Verantwortlich für die Unterdrückung sind die Polizei, die Nationalgarde, das Armeepersonal, Geheimdienst- und Spionageabwehragenten sowie die paramilitärischen „Kollektive“ der Chavisten, die gemeinsam mit den Gerichten und der Generalstaatsanwaltschaft – die beide unter Maduros Kontrolle stehen – für die strenge Bestrafung jeglicher abweichender Meinungen verantwortlich sind.
Seit den Wahlen vom 28. Juli 2024 kam es zudem zu mehr als zweitausend willkürlichen Verhaftungen von Bürgern, humanitären Aktivisten, Oppositionsführern, Journalisten, Akademikern und Militärangehörigen, die des Chavismus verdächtigt wurden. Dutzende weitere Kritiker Maduros sind aus dem Land geflohen.
Dies wurde in Berichten der Untersuchungsmission der Vereinten Nationen, der Interamerikanischen Kommission für Menschenrechte, des Carter Center und des UN-Gremiums unabhängiger Experten angeprangert.

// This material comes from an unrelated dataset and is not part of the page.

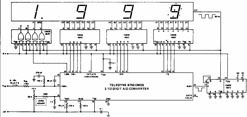 Este circuito foi obtido em documentação da Teledyne dos anos 70. O componente conversor usado é pouco comum atualmente.

„Es gibt genügend Beweise, um all diese Tatsachen zu belegen. Dabei handelt es sich nicht nur um Aussagen der Opposition, sondern um Aussagen völlig unabhängiger Organisationen, die der Welt gezeigt haben, dass dies die Realität ist“, sagt Jiménez.

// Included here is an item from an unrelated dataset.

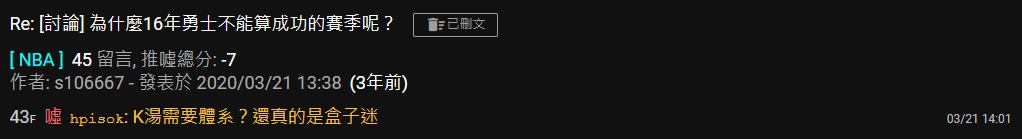 噓 Max7169 : 可是前n板主以前還說勇士是KT帶隊的欸 結果現在變 11/17 19:25

Für die Lateinamerikastudien-Professorin María Zuluaga könnte Sheinbaums „lauwarme und ausweichende“ Haltung zur Entscheidung des norwegischen Komitees, den Friedensnobelpreis 2025 an die in ihrem Land untergetauchte Oppositionsführerin María Corina Machado zu vergeben, auf „ideologische Loyalität gegenüber Maduro oder politische Kleinlichkeit“ zurückzuführen sein.
Er ist der Ansicht, dass Sheinbaums Kritik an der Entlassung Castillos in Peru, eines linken Politikers, und ihr Schweigen hinsichtlich des Nobelpreises für Machado, „einen rechtsliberalen Oppositionsführer, der den chavistischen Autoritarismus verurteilt hat, eine ideologische Affinität zu linken Projekten widerspiegeln, die sich als populär präsentieren, auch wenn sie durch autoritäre Praktiken in Frage gestellt werden.“
Sie weist aber auch darauf hin, dass dies an „politischem Pragmatismus“ liegen könnte, wenn es um Themen geht, mit denen sich die Präsidentin nicht befassen möchte, um interne Kontroversen „und Risse innerhalb ihrer Partei zu vermeiden, wo ein gemäßigter Sektor mit einem radikaleren Sektor koexistiert, der mit autoritären Regimen sympathisiert, die sich als links bezeichnen, wie etwa in Venezuela, Kuba und Nicaragua.“
Zuluaga weist darauf hin, dass es bemerkenswert sei, dass im Gegensatz zu Sheinbaum andere linke Politiker in Lateinamerika, wie etwa Luiz Inácio Lula da Silva aus Brasilien, Gabriel Boric aus Chile und Gustavo Petro aus Kolumbien, die Rechtmäßigkeit der Präsidentschaftswahlen in Venezuela im Jahr 2024, bei denen Maduro den Sieg für sich beanspruchte, in Frage stellten und den Chavistenführer aufforderten, die Wahlergebnisse zu veröffentlichen, was bislang jedoch nicht geschehen sei.
„In diesem Sinne scheint Sheinbaum nicht daran interessiert zu sein, international Positionen zugunsten der Menschenrechte und der Achtung der demokratischen Legalität zu vertreten“, behauptet der Internationalist.